Knox claps his hands together, the sound reverberating off the walls, and scribbles “Todd thesis presentation” in the first slot. One day of emptiness filled.

“You have the handwriting of a monkey learning to write, my love.”

Knox scowls over at Charlie lounging in the armchair. “You couldn’t do much better.” At Charlie’s considering face and shrug, Knox hastily adds, “That is not an invitation.” He has no doubt Charlie would write something like ‘orgy’ just to see Cameron squirm.

“Meeks and I were supposed to present our thesis, too,” Pitts says. “We won’t have all the equipment, but...”

“Doesn’t matter, we’ll be there.” Right under Todd’s thesis, Knox adds Meeks and Pitts to the roster. Remembering there is one more among them who had been scheduled to share their work, Knox puts down Cameron’s name at spot number three. When Knox catches his eye, Cameron shoots him a pleased smile.
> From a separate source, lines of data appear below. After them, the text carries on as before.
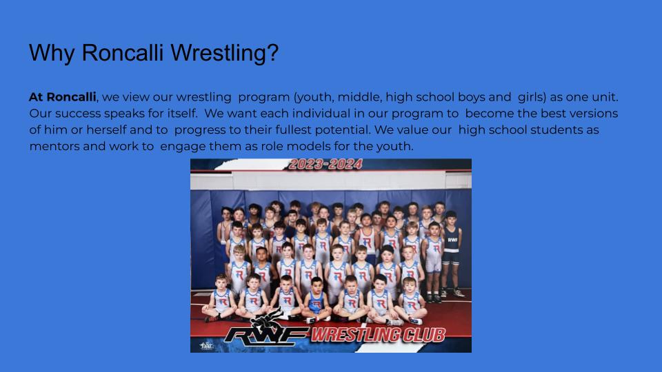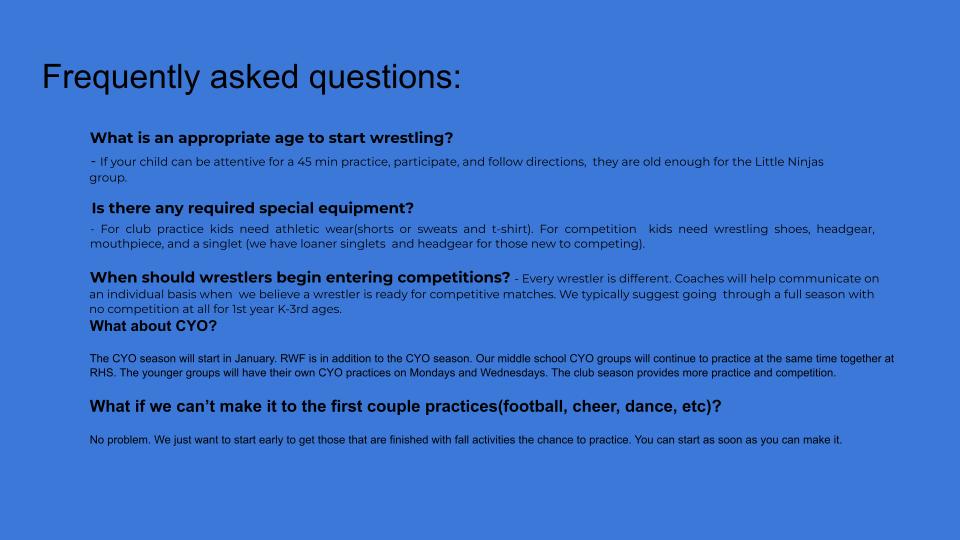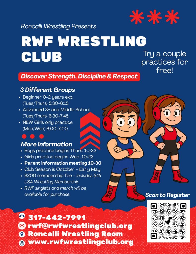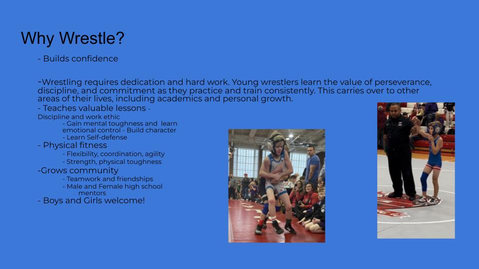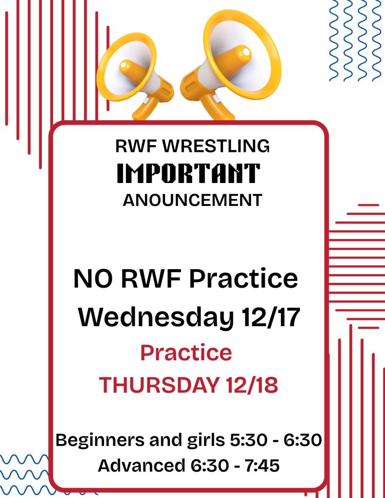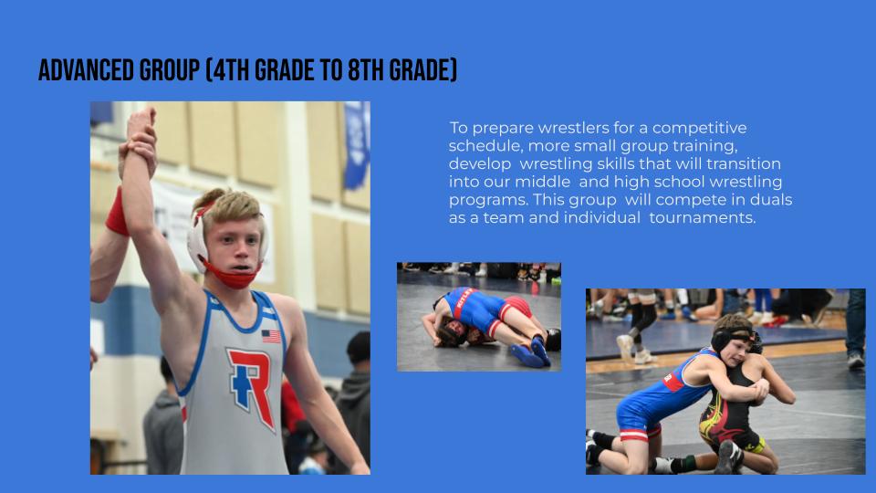 We will have RWF Youth practices 2 days a week. We will have elementary club tournament season November – January (Elementary Team State is the End of Elementary Team State.). Elementary Wrestlers not on the team will have opportunities for beginners tournaments and exhibition matches.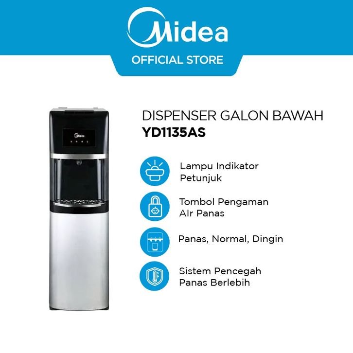 Midea Dispenser Galon Bawah hemat daya - YD1135AS Bottom Loading Water Tank Stainless Steel / Midea Dispenser Galon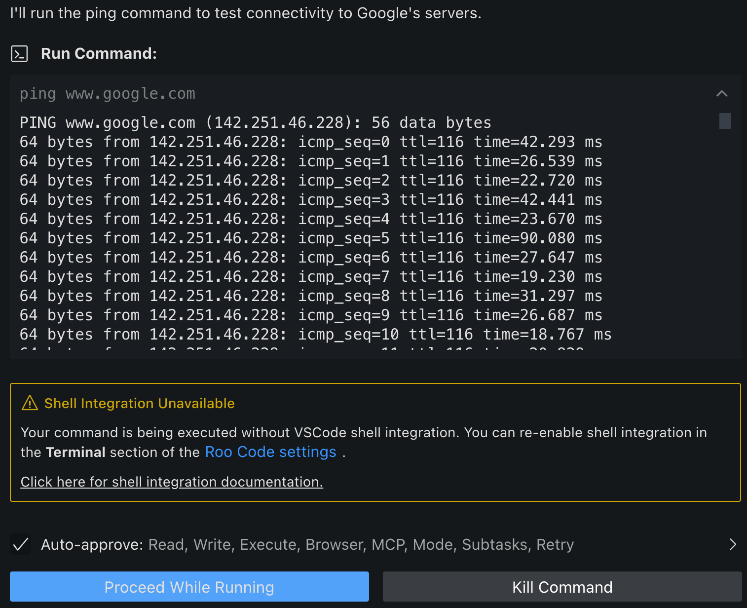 Implemented a fallback mechanism for executing terminal commands if VSCode terminal shell integration fails.

“Okay, not to get in the way of all this academic excellence, but can liquor be involved in one or two of these activities?” Charlie asks, an uncapped beer perched precariously beside him.

“Well, what are we missing from senior week?”

“The last pub night,” Charlie says, exceptionally forlorn. He tips his beer up towards the ceiling before taking a mournful sip.

“Booze cruise,” Pitts adds.

“The spring concert,” comes Meeks.

“Convocation,” Cameron supplies, sounding every bit as disappointed in its cancellation as Charlie is to be missing the final pub night.

“You want us to hold a mass?” Charlie asks with a snort.

Ignoring the bickering happening behind his back, Knox jots down all of their missing future memories and a handful of his own. There’s a glaring gap still staring at him though. Neil sits silently on the couch beside Todd, his eyes drifting over the board without any real sign of interest. Clearing his throat and trying not to sound like an overly-encouraging elementary school teacher, Knox asks, “You got anything to add, Neil?”

“No, I think we’ve got it covered,” Neil says with a tight smile that doesn't reach his eyes. He stands and strides toward the stairs, calling over his shoulder, “Let me know what you guys are doing for dinner,” before vanishing.

Without meaning to, their collective focus shifts to Todd. Under the scrutiny, he folds and stands as abruptly as Neil did. “I’m just going to...” The sentence goes nowhere and Todd disappears after Neil. The tentative happy mood goes with them.

It’s not long before Pitts and Meeks retreat to their room, Cameron not far behind, leaving Knox, Charlie, and a half-filled white board of half-baked ideas. With an exaggerated groan, Charlie heaves himself out of the armchair and joins Knox by the fireplace-turned-planning-zone, observing their brainstorming with tired eyes.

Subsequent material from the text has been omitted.